The other day at the bodega, a new kid, young guy, comes up to me, slightly raspy voice that maybe hasn't quite finished off from puberty, "Hey, uh, I forgot my locker code. Can you open it for me?"
Lockers at work have a keypad. You use a new locker everyday and create a code everyday. We have a little doo-hickey that'll pop the lock electronically when the kids forget their code (or which locker they're in).
We go down there, start poppin' lockers, pop a few and no, no, nope, no, that's it! I look inside and there's a book. A big-ass book, the book is Dostoevsky's "The Idiot". "Hey, thanks!" And he, happily, lopes into the break room.

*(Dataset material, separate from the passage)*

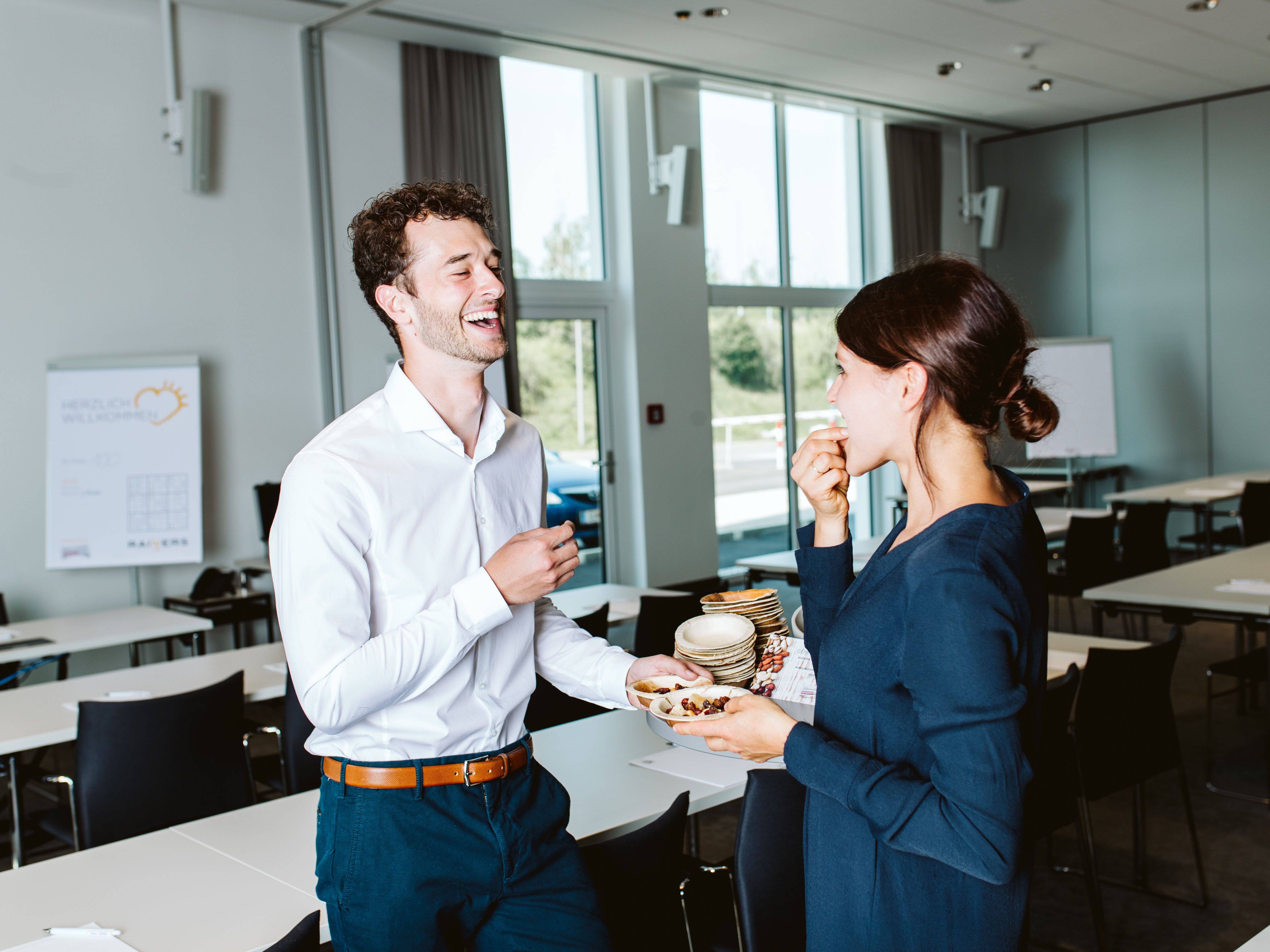 The Italian restaurant "VENTUNO" with open show kitchen provides high-quality culinary catering, which is open daily not only to the hotel's own guests but also to external guests, e.g. from the surrounding office buildings. All dishes can be taken away or enjoyed in the restaurant's 270 seats. The terrace overlooking the pond with around 70 seats as well as beach chairs and hammocks also invites you to linger.

I am suspicious. I am intrigued.
Later that evening, I'm letting people out and the book kid comes along and I'm, like, "Soooo. . . Dostoevsky. . . ?" "Yeah, well, I read "Crime and Punishment" and "The Brothers Karamazov" and I really liked them, so I'm reading this one."

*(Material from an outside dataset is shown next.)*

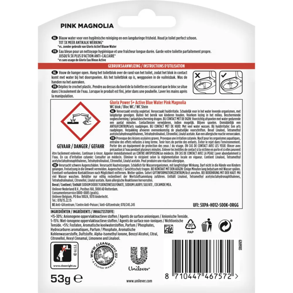 Glorix Power 5+ Actief Blauw Water Pink Magnolia Wc Blok voor een hygiënisch schoon en langdurig fris toilet. Het product heeft diverse voordelen! Het toiletblokje geeft elke spoelbeurt de kracht van nieuwe Glorix Power 5+! Het reinigende schuim met 3x meer antikalk-werking* zorgt voor glans en een hygiënische reiniging. De langdurige werking van het Pink Magnolia-parfum houdt je toilet lang fris. Bovendien blijft het water in het toilet langer blauw. Glorix Power 5+ voor een intens hygiënische reiniging. Met Glorix is je hele toilet écht schoon en hygiënisch fris! Gebruik in combinatie met de andere reinigingsproducten van Glorix voor een optimaal resultaat.

Now I know I'm in the presence of a beautiful unicorn and, after recommending "The Master and Margarita", for lack of anything better to say to a unicorn, I say, "So, you're a reader."
"Oh, I just think that literature is the only way, besides travel, to really learn about and empathize with people and cultures you might never meet."
The only rational response was to look around madly for a camera that was obviously secretly filming me to capture my disbelief.
I told him his parents must be pretty proud of him ("Yeah, I think they're happy.") and I told him I'd give him a list of things to read once he was done with his fuckin' Dostoevsky.
"There's a lot of good books out there!", I said. He kind of looked at the floor, shook his head at his little, personal awe and in his sweet, raspy kid-voice said, "Yeah, like, you could live the rest of your life and never read a bad book."
Some of the kids, folks, are alright.